# Rockin' Around the Christmas Tree



## Saynamore (Feb 28, 2008)

Thought I'd start a thread here for our furries 'having fun' with our Christmas trees or simply 'trashing' them. Please feel free to add photos as your personal disasters happen.

Here are a couple of mine but Persians are too laid back to cause havoc with the tree .............................


----------



## Siamese Kelly (Jan 6, 2008)

They need their rest C,it's very energy consuming thinking up lots of different ways to trash the trees ya know:biggrin::biggrin:S'alright when ya can put trees up


----------



## Saynamore (Feb 28, 2008)

Nah! they are always like that Kels, always lazy gits! They prefer to sit there looking pretty and posing  Unlike your Bengal for example that would be hyper and realllllly trashed the tree by now, still darent put any baubles on the bloomin thing! 
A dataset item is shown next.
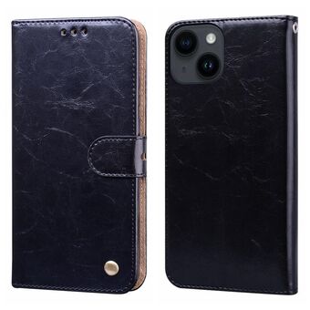 Oil Wax υφή Shockproof Flip δέρμα τηλέφωνο υπόθεση για το iPhone 15 (μαύρο)

Come on folks, give us some pics of your Christmas tree disasters this year! , pmsl


----------



## Abooksigun (Oct 16, 2008)

Awwww bless 'em C x How cute are they!!?


----------



## lymorelynn (Oct 4, 2008)

No disasters yet!! Did catch Mai Tai half way up the tree the other day but the water spray seems to work pretty well.


----------



## KarenHSmith (Apr 20, 2008)

Well.. The cat, decided to try to get in the tree yestarday & she suceeded!! I have a video of her!!


----------



## Saynamore (Feb 28, 2008)

lymorelynn said:


> No disasters yet!! Did catch Mai Tai half way up the tree the other day but the water spray seems to work pretty well.
> View attachment 13512


Oh you're very brave Lynn having all them baubles, lol


----------



## colliemerles (Nov 2, 2007)

where do my crackers keep dissapearing to,?????????????????......


----------



## Saynamore (Feb 28, 2008)

Love the colour of your tree Colls, very chic! Cat's a gorgeous colour too, lol


----------



## colliemerles (Nov 2, 2007)

Saynamore said:


> Love the colour of your tree Colls, very chic! Cat's a gorgeous colour too, lol


thank you ,i painted the frontroom in shades of brown last year, so brought a new chocolate tree to match,lol, it did look nice but dizzy has re arranged the crackers , lights and tinsel,the baubles are all chocolate brown to,


----------



## kelly-joy (Oct 14, 2008)

Aww bless them.You have got to love them no matter what they do don't you


----------



## pinkbutterflys (Nov 18, 2008)

kiwi and bam said enough is enough the tree HAS to come down!


----------